Records supplied>
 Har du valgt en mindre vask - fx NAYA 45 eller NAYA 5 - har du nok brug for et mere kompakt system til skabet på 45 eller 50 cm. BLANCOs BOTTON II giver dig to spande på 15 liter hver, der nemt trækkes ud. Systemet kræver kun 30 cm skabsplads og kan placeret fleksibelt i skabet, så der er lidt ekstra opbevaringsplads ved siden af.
* * *
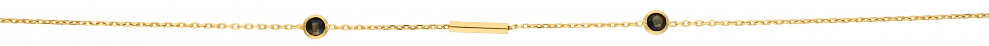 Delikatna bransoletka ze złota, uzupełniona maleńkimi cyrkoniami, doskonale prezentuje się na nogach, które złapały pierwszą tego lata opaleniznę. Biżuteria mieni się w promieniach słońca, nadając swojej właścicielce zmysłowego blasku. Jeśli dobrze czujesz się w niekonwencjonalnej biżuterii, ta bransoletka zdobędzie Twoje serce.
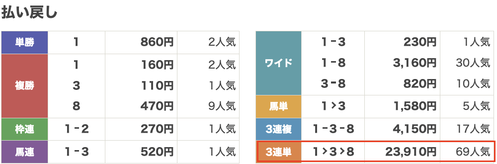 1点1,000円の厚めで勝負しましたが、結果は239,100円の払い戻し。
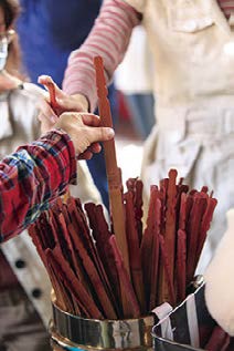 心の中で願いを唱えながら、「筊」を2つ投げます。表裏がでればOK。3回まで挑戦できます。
---
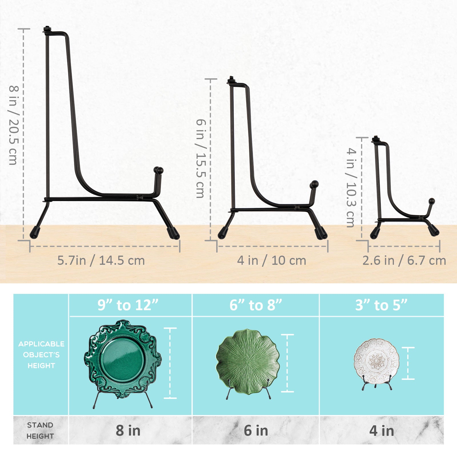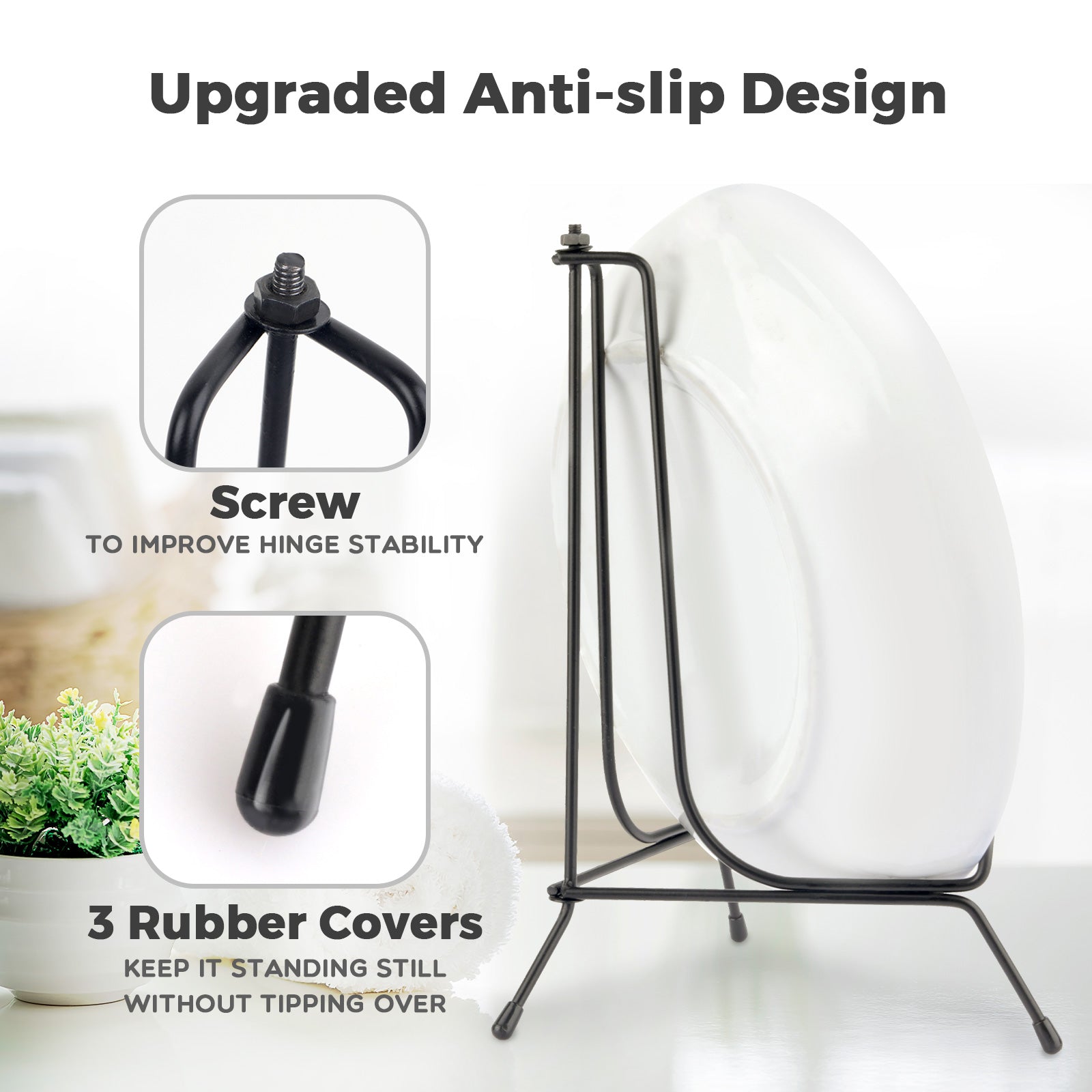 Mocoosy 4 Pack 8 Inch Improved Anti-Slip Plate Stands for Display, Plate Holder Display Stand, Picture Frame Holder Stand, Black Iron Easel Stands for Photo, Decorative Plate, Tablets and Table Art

Goal of the exercise> Please copy out from the data above, without any picture, exactly the lines running from the one that holds "1点1,000円の厚めで勝負しましたが、結果は239,100円の払い戻し。" through the one that holds "心の中で願いを唱えながら、「", and nothing beyond them.

Exercise output>
 1点1,000円の厚めで勝負しましたが、結果は239,100円の払い戻し。
 心の中で願いを唱えながら、「筊」を2つ投げます。表裏がでればOK。3回まで挑戦できます。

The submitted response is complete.